Alternative Teaching Approaches
Craft a Unit About Personal Space: Students may not have a private cabin in the woods for thinking, but almost everyone has a kind of private space to do some difficult thinking. Assigning a personal essay about individual relationships to space can help students connect to Thoreau and realize that they also likely have intimate knowledge about somewhere (even if that space is not so individual, like riding public transit with headphones on).
Turn Attention to the Book as Object: Many editions of Walden exist, and they vary in design and quality. Consider having students do a comparison of book covers as interpretations of the book. Do they emphasize landscape? Thoreau himself? How do these cover images and additional text such as book blurbs correlate with what seems significant from actually reading the book? If they were to design a more fitting cover, what would it include?
Connect Across the Curriculum: Thoreau’s depth of knowledge about the natural world can be intimidating. Instead of tip-toeing beyond questions of biology, geology, etc., use this text as an opportunity to creates links across the curriculum or develop team-teaching.
- Bring other teachers (Economics? Civics? Biology? History? Classics? Geology?) into your classroom, either to share their impressions reading the book or to deliver a short lecture addressing part of its content. This can help students recognize the value of bringing different perspectives into conversations about a text.
- Develop parallel units with other courses. If your students are taking English and Biology in the same year, try coordinating a unit together. Inclusion of the text in both classes simultaneously will likely increase student incentive to read it, and it can promote the value of writing in science or the method of observation in literary works.
Journaling in the 21st Century: Students can come to appreciate Thoreau as an observer and his creativity in assembling those observations better after trying out the process for themselves.
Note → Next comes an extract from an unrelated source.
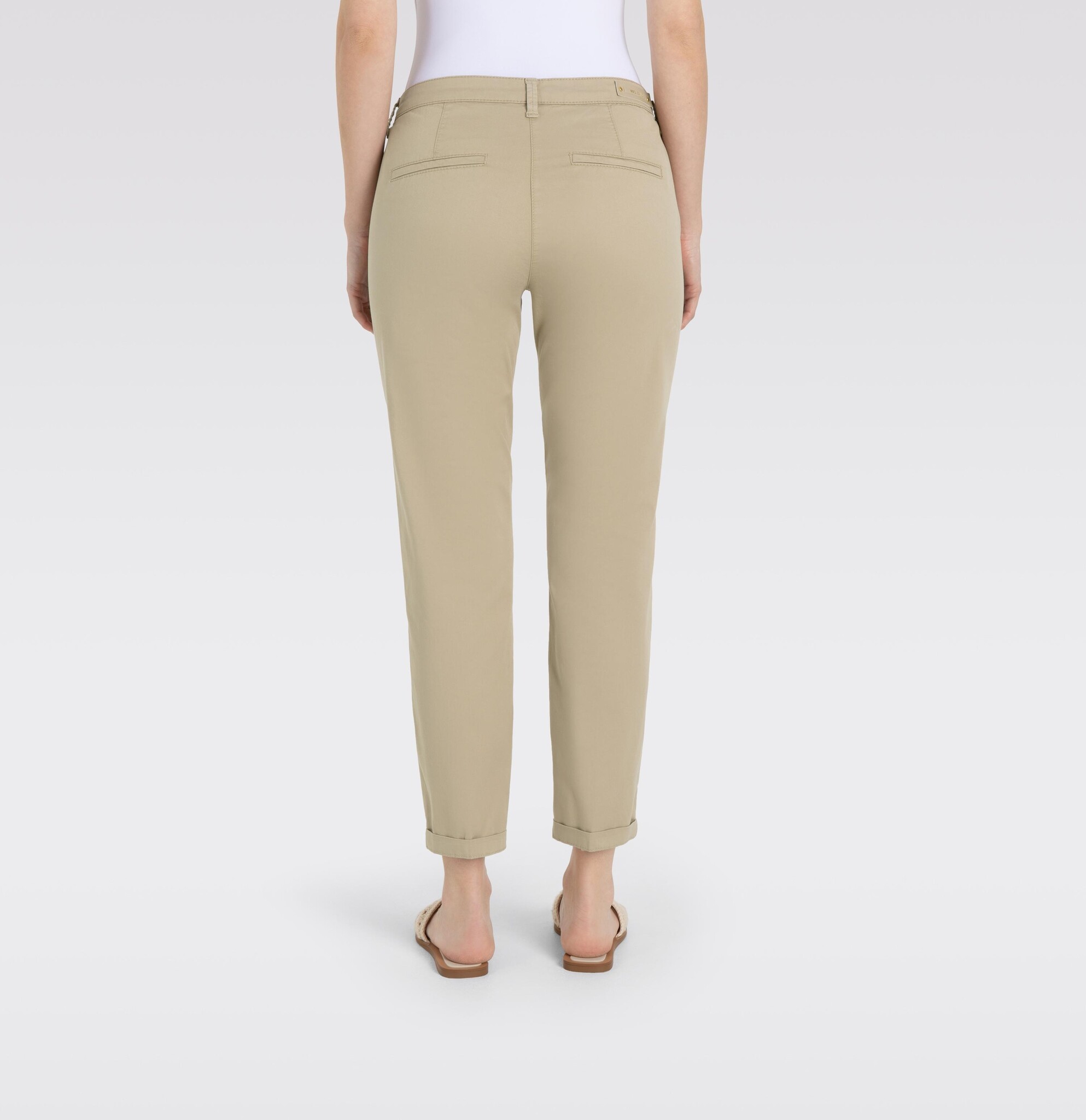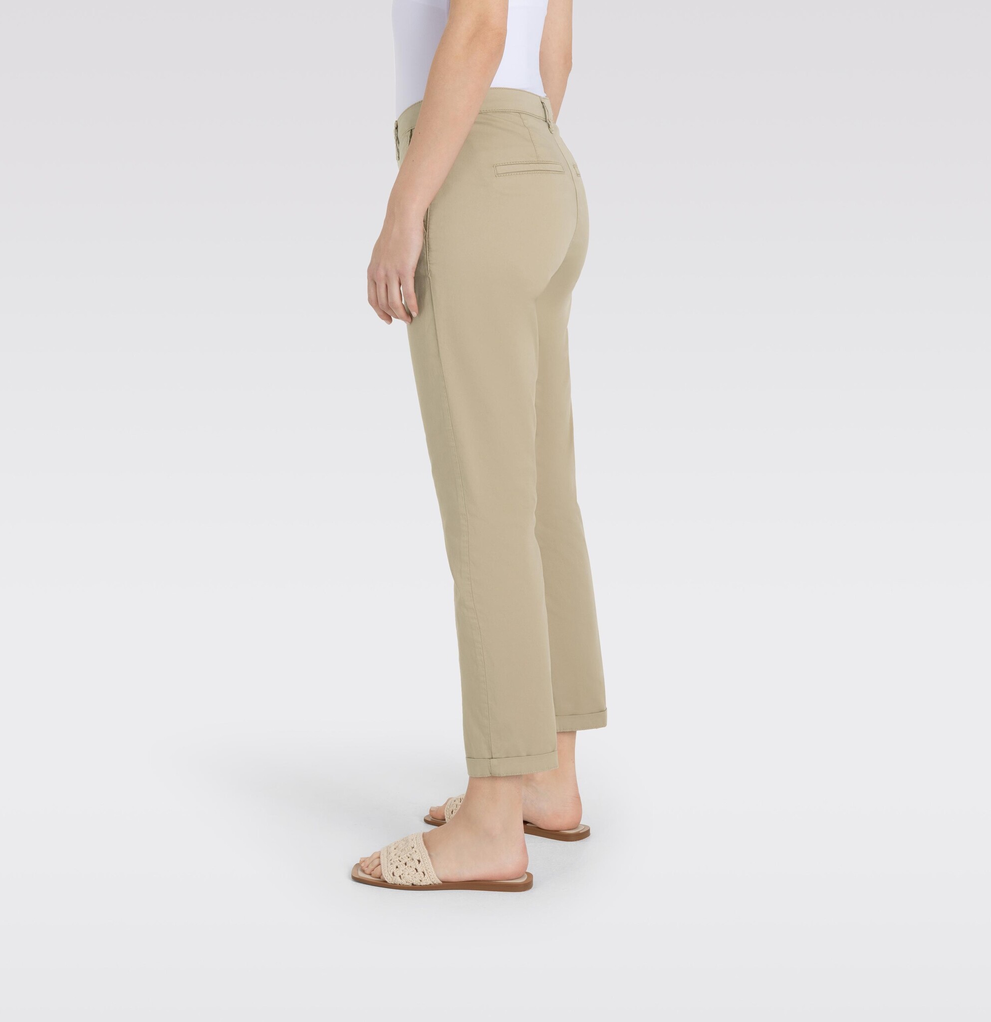 Mac Jeans women's chinos with a straight fit, normal waist and narrow tapered legs with turn-ups. These Mac pants have side pockets and welt pockets at the back. Made from a high-quality cotton quality with stretch and a soft touch.

- If your students have access to safe outdoor spaces, have them spend a period of time (perhaps an hour or longer) in natural surroundings taking notes on what they observe. Later, have them write an essay about the experience tying their notes about what they saw to their experiences.
- If your students lack access to safe outdoor spaces, have them imagine what Thoreau would likely observe if he were set down into a newer kind of space, such as an airport or shopping mall. What would he be likely to see, hear, or feel?